Transcribe the entries below word for word, beginning at the line with "Lesson: In regulated" and stopping after the line with "サルヴァトーレ フェラガモ Salvatore"; drop all pictures.

Available data:

- - - - - - -

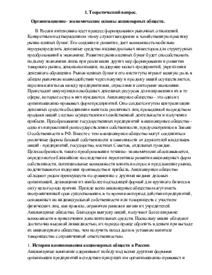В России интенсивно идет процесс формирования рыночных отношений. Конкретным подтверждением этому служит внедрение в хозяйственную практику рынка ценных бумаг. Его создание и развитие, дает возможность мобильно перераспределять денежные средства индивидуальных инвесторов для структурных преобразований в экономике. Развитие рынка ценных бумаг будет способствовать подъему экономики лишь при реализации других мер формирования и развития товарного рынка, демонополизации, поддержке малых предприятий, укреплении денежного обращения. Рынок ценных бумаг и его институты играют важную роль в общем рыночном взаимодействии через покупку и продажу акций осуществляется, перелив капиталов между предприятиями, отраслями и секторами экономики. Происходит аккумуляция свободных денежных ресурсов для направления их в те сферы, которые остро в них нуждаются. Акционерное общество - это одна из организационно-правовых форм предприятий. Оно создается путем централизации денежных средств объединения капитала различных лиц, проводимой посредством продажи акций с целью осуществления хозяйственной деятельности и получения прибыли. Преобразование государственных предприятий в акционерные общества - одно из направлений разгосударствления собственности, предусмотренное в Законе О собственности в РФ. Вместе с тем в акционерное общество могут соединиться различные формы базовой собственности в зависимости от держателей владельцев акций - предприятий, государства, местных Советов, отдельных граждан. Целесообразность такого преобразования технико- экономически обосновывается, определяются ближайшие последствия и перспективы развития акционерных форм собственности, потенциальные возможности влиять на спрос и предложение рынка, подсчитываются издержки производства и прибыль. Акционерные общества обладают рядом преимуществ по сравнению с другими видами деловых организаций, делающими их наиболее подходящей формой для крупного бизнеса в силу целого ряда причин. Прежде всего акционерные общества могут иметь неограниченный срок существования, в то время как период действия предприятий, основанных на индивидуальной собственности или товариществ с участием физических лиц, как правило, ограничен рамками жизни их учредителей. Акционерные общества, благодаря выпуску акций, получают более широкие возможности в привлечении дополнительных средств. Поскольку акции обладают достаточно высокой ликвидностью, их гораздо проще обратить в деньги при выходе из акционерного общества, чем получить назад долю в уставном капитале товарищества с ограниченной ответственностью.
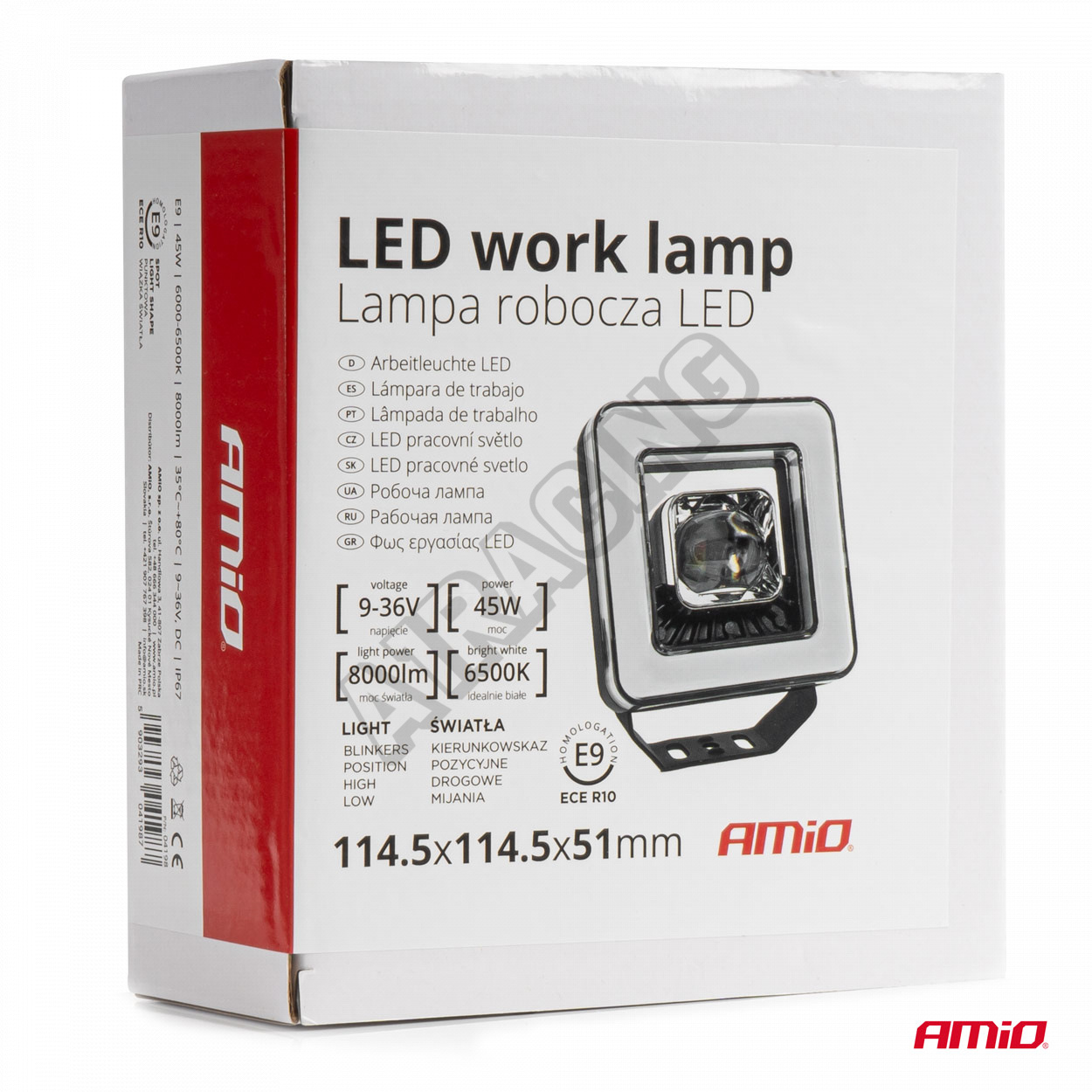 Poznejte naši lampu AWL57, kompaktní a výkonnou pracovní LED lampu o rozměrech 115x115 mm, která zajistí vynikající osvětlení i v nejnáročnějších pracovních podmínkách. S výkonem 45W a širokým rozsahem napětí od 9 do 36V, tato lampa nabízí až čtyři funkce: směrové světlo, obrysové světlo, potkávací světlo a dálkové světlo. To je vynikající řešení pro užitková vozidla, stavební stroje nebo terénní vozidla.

- - - - - - -

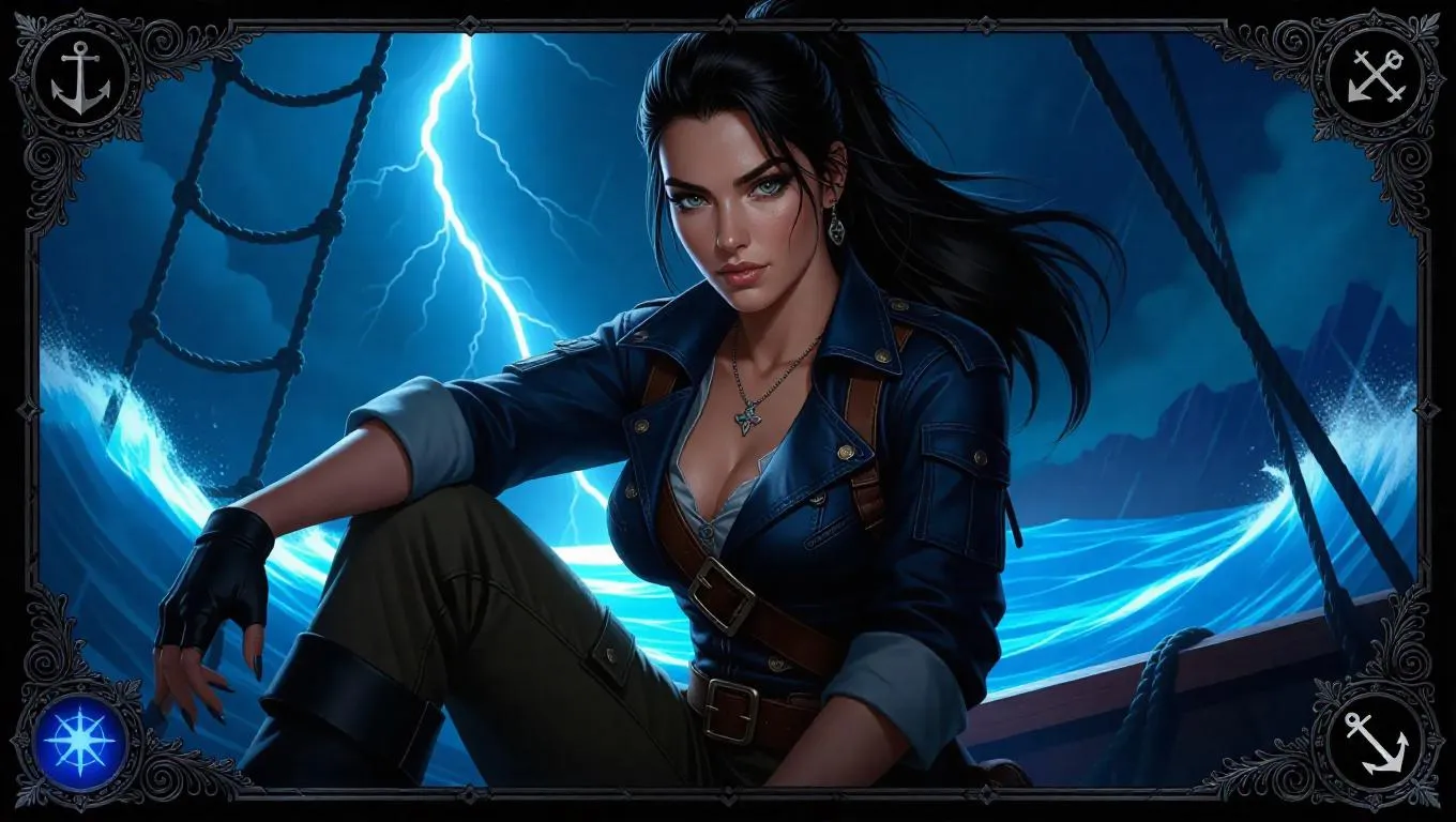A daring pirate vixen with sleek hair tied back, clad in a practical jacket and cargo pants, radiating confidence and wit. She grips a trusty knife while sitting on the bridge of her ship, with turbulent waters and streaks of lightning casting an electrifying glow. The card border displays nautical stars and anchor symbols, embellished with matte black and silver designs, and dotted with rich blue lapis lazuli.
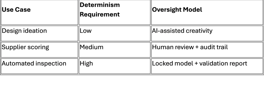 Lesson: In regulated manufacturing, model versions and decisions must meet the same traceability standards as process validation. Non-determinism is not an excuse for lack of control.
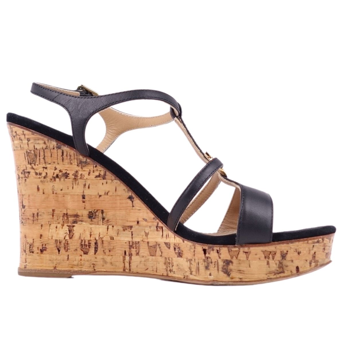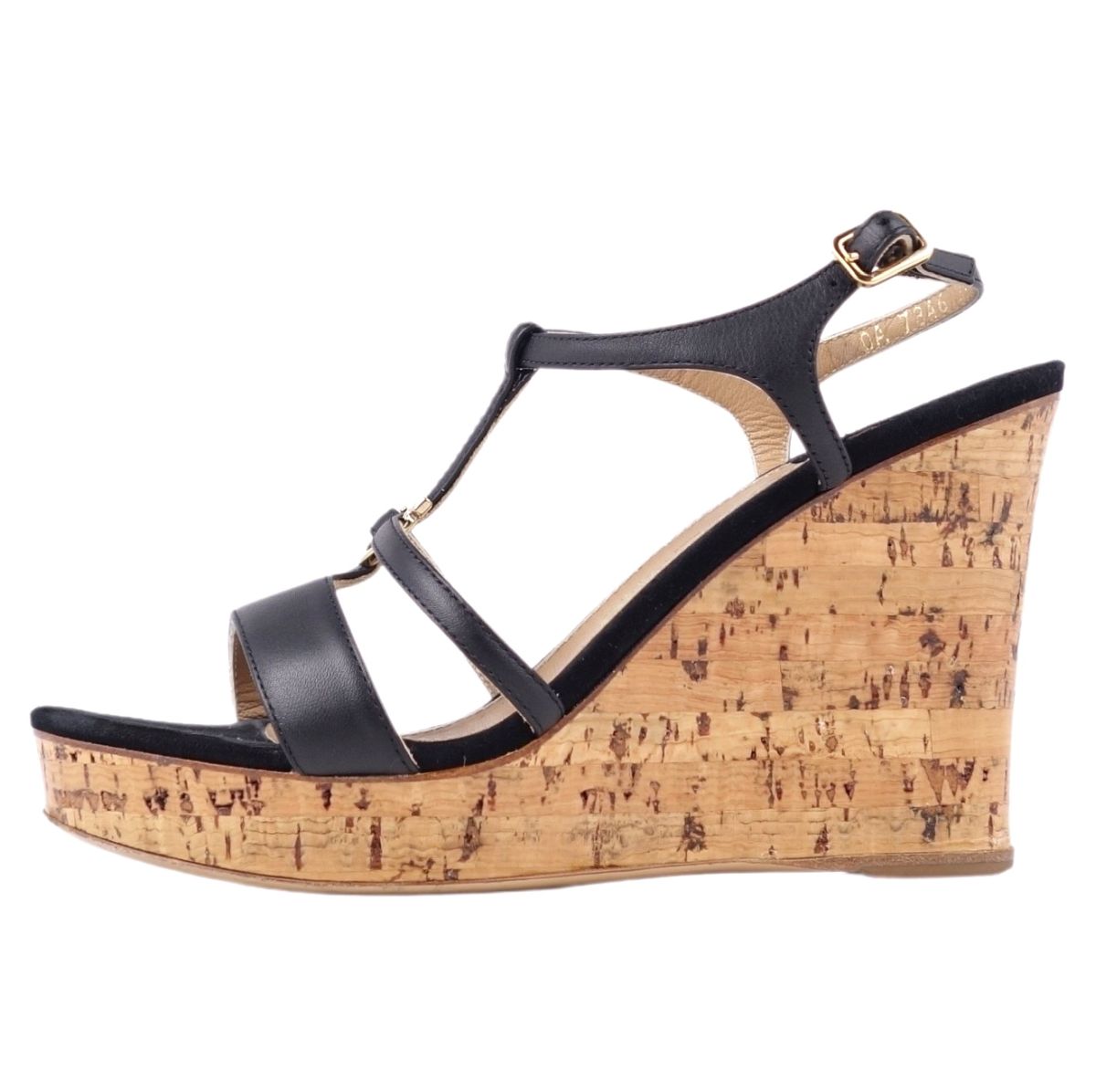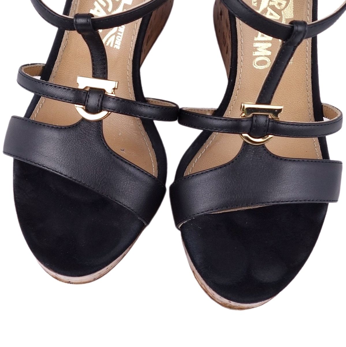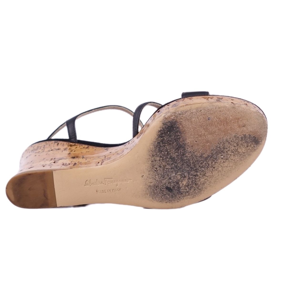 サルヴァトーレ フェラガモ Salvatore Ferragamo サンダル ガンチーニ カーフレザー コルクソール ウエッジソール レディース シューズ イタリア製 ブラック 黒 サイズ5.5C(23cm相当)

- - - - - - -

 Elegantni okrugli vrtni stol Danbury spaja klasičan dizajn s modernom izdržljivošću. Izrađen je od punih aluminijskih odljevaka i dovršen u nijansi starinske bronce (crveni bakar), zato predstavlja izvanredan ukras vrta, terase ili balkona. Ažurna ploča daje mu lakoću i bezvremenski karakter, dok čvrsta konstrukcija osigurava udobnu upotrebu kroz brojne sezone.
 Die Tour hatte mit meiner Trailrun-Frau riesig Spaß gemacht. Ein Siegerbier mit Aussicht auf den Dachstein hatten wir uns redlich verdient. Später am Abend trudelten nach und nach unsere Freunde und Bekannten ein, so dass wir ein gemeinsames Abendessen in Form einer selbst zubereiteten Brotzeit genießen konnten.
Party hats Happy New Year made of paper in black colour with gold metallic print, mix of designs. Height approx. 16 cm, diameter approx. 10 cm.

- - - - - - -

Response to the task:
 Lesson: In regulated manufacturing, model versions and decisions must meet the same traceability standards as process validation. Non-determinism is not an excuse for lack of control.
 サルヴァトーレ フェラガモ Salvatore Ferragamo サンダル ガンチーニ カーフレザー コルクソール ウエッジソール レディース シューズ イタリア製 ブラック 黒 サイズ5.5C(23cm相当)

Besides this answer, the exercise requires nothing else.